* Your assignment: From the first line to the last, transcribe the data exactly and skip the pictures.

* Collected material:
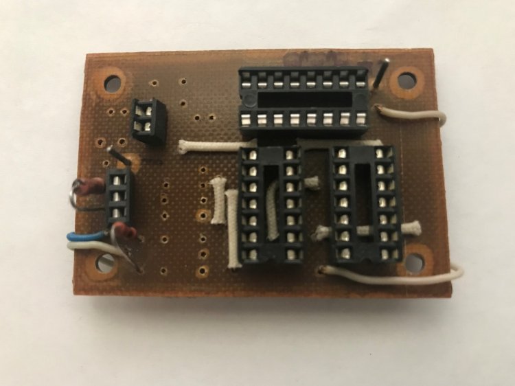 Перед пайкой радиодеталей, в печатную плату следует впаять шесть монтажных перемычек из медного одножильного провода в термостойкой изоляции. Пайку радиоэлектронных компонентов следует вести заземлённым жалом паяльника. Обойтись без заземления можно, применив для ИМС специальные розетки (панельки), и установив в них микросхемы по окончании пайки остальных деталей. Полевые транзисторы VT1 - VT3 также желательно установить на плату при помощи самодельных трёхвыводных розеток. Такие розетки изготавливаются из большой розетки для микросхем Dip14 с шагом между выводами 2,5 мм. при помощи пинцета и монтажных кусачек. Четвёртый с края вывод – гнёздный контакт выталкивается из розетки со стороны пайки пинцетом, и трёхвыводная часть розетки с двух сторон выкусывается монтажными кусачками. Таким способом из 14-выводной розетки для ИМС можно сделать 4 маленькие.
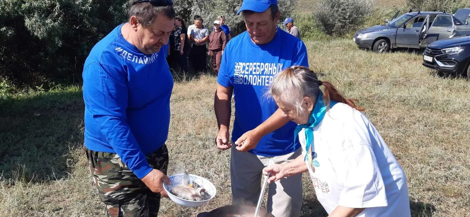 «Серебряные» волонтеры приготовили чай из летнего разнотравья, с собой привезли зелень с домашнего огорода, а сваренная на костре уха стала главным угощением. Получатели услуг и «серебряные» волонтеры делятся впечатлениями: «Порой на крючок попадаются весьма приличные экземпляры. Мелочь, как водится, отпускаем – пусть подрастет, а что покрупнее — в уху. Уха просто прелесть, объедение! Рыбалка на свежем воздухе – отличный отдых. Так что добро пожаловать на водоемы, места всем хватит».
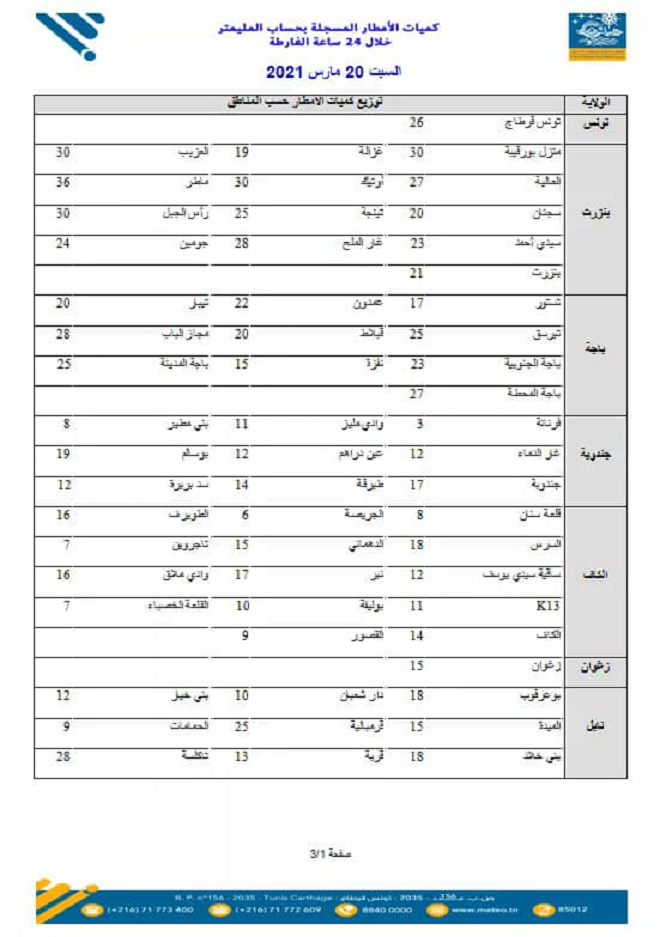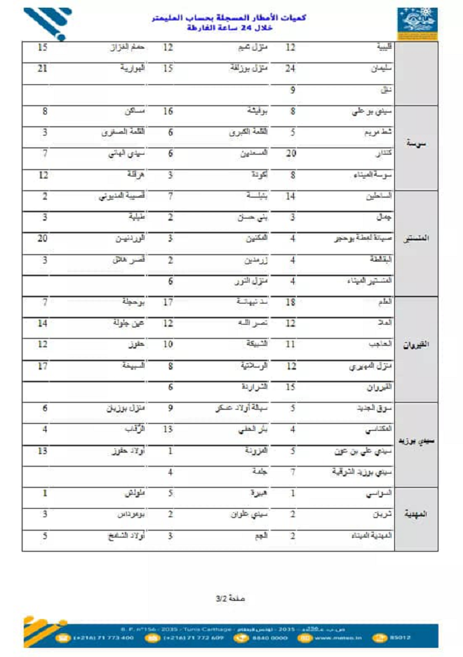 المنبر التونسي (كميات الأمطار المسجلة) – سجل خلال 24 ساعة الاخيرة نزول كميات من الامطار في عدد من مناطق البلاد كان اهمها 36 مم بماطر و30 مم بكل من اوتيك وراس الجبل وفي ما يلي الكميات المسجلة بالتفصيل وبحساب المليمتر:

* Solution:
 Перед пайкой радиодеталей, в печатную плату следует впаять шесть монтажных перемычек из медного одножильного провода в термостойкой изоляции. Пайку радиоэлектронных компонентов следует вести заземлённым жалом паяльника. Обойтись без заземления можно, применив для ИМС специальные розетки (панельки), и установив в них микросхемы по окончании пайки остальных деталей. Полевые транзисторы VT1 - VT3 также желательно установить на плату при помощи самодельных трёхвыводных розеток. Такие розетки изготавливаются из большой розетки для микросхем Dip14 с шагом между выводами 2,5 мм. при помощи пинцета и монтажных кусачек. Четвёртый с края вывод – гнёздный контакт выталкивается из розетки со стороны пайки пинцетом, и трёхвыводная часть розетки с двух сторон выкусывается монтажными кусачками. Таким способом из 14-выводной розетки для ИМС можно сделать 4 маленькие.
 «Серебряные» волонтеры приготовили чай из летнего разнотравья, с собой привезли зелень с домашнего огорода, а сваренная на костре уха стала главным угощением. Получатели услуг и «серебряные» волонтеры делятся впечатлениями: «Порой на крючок попадаются весьма приличные экземпляры. Мелочь, как водится, отпускаем – пусть подрастет, а что покрупнее — в уху. Уха просто прелесть, объедение! Рыбалка на свежем воздухе – отличный отдых. Так что добро пожаловать на водоемы, места всем хватит».
 المنبر التونسي (كميات الأمطار المسجلة) – سجل خلال 24 ساعة الاخيرة نزول كميات من الامطار في عدد من مناطق البلاد كان اهمها 36 مم بماطر و30 مم بكل من اوتيك وراس الجبل وفي ما يلي الكميات المسجلة بالتفصيل وبحساب المليمتر:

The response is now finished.